We are a little over a month away from the UN's big confab on climate change known as COP 30, or the 30th Conference of the Parties to the UN Framework Convention on Climate Change. Brevity is not the UN's strong suit. Prior to that event, you will hear all sorts of drivel claiming that the "world will end in 10 years unless we do something now!" Naturally, that something is always to stop using fossil fuels.
The use of fossil fuels such as coal, oil and natural gas necessarily produces carbon dioxide (CO2) and methane (CH4). Thus, burning fossil fuels is a very grave sin according to the climate alarmists. But, "very important people" such as Leonardo DiCaprio and John Kerry will fly to Brazil in their private jets to lend a hand to the COP 30 proceedings, thus adding yet more CO2 and CH4 to the atmosphere. While there, they will dine on sumptuous meals while back home, we can barely afford hamburger.
Note, that I do not begrudge these people their private planes. I would own one of I had a need for it. The problem is not that these people fly all over in private jets, but that they do so while lecturing the rest of us who use automobiles to get to work every day that we should give up our cars and drive horses and buggies or just walk.

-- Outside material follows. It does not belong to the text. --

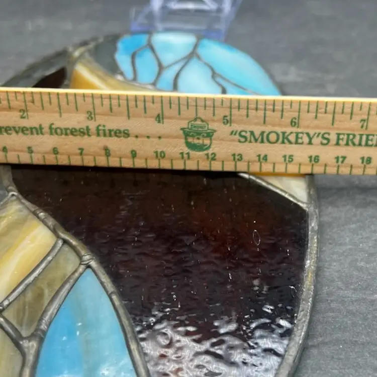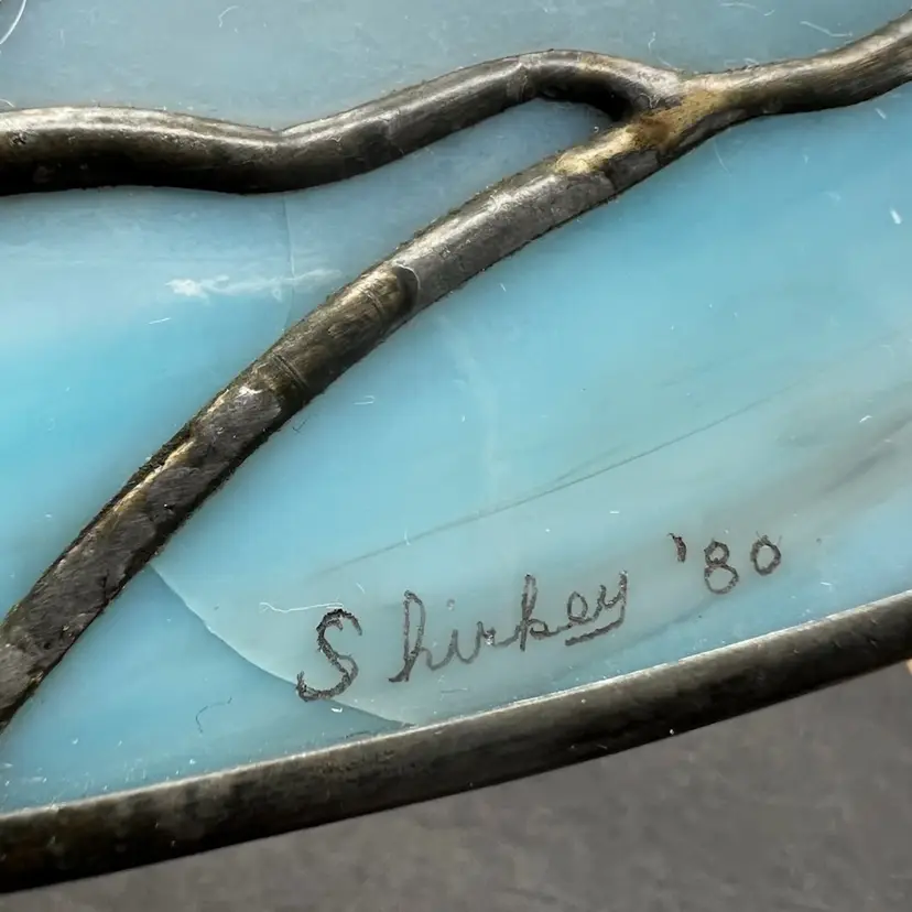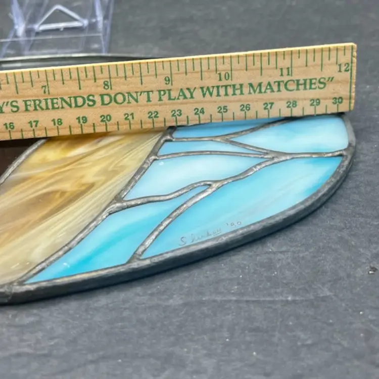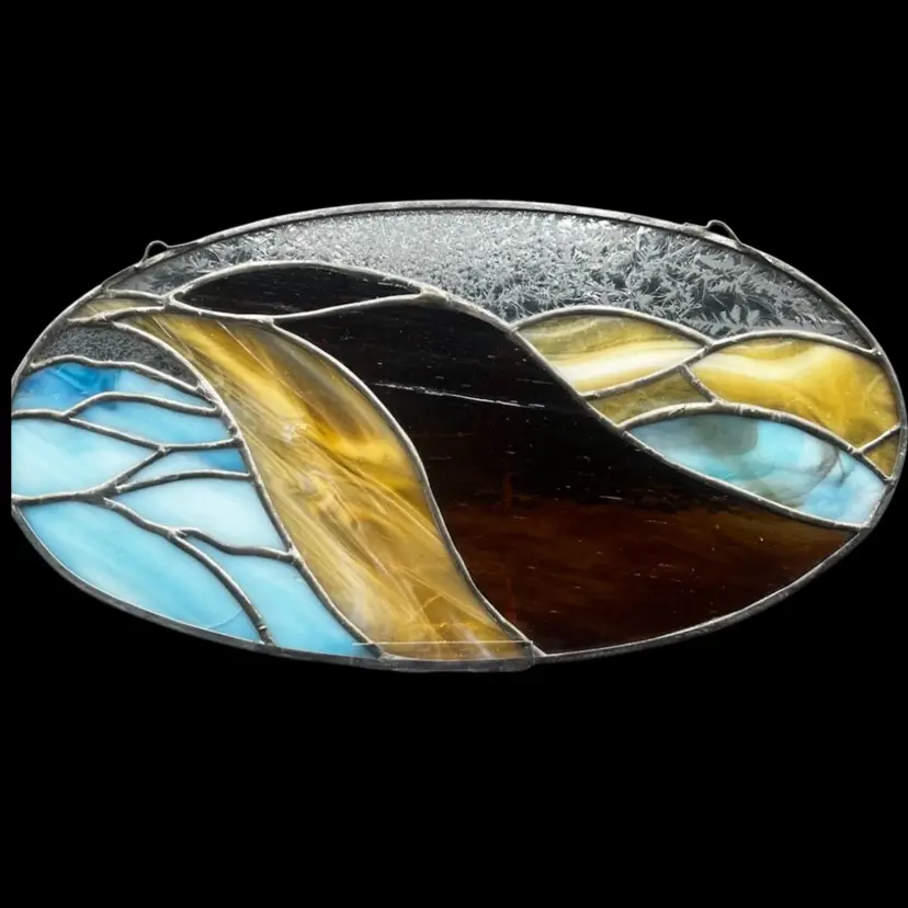 Vintage Oval Leaded Stained Glass Sun Catcher Landscape Blues & Browns Each Color Has A Unique Texture Signed Shirkey ‘80 In good vintage condition. There is a small crack in one panel noted in pictures by signature 12” x 6 1/4” oval No chains included. Chains or wire for hanging needed.

Anticipating the onslaught of climate alarmism, Douglas J. Cotton has a post at the American Thinker entitled Why climate models fail. They fail, in that they cannot replicate past climates, because their premises are flawed. Cotton is not, as you may have guessed, a climate "scientist" but instead views the climate problem through a physicist lens understands a field called thermodynamics.

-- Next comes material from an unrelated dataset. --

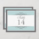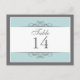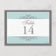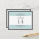 Traditional yet contemporary is the focus of this lovely table card. Soft blue bordered with white and charcoal gray make up the base. The white panel contains the table information. Double-sided design for convenience from any angle. Available in alternate colors with matching products.

Mainstream climatology models are fundamentally flawed because they ignore a now established physical reality: gravity — not radiative forcing — governs the temperature gradient in the troposphere. This gradient arises from gravity’s direct influence on individual air molecules, slowing those with upward velocity components and accelerating those moving downward. The result is a vertical stratification of molecular kinetic energy — what we measure as temperature.

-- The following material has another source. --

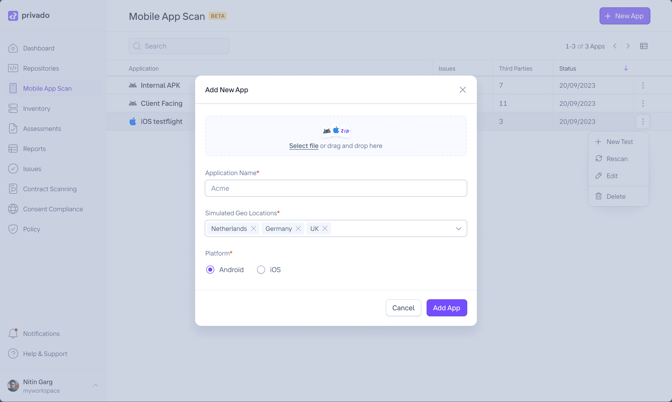 The mobile app scan is still in beta and is available for existing customers to test. It is used in sales calls to showcase Privado's unparalleled features that cover all privacy touchpoints: codebase, websites, and mobile apps.
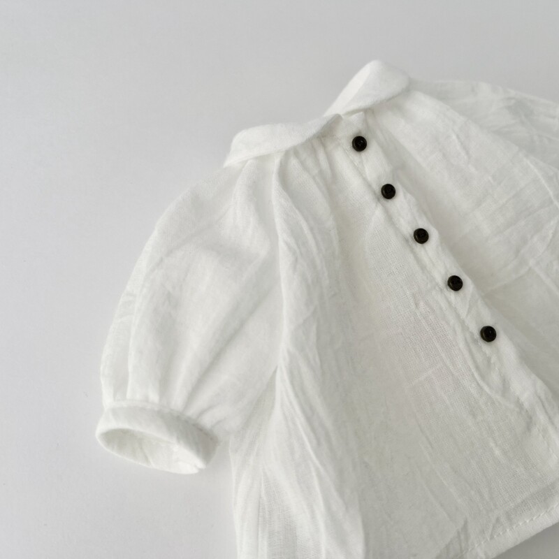 お袖がふんわりとしたフラットカラーのワンピースです。

To visualize this, consider a sealed vertical cylinder, initially devoid of air. Introduce air molecules through a central aperture. Those that ascend lose kinetic energy (cool), while those that descend gain it (warm). This produces a stable temperature gradient — an equilibrium state of maximum entropy — where the sum of kinetic and gravitational potential energy remains constant with altitude. There are no unbalanced energy potentials; the system is in what we physicists call thermodynamic equilibrium (not to be confused with thermal equilibrium).
Thus, what drives the surface temperature of the earth is not a gas that represents 0,04% of the atmosphere, but the Sun itself. Try as we might, there is nothing we can do to change the Sun.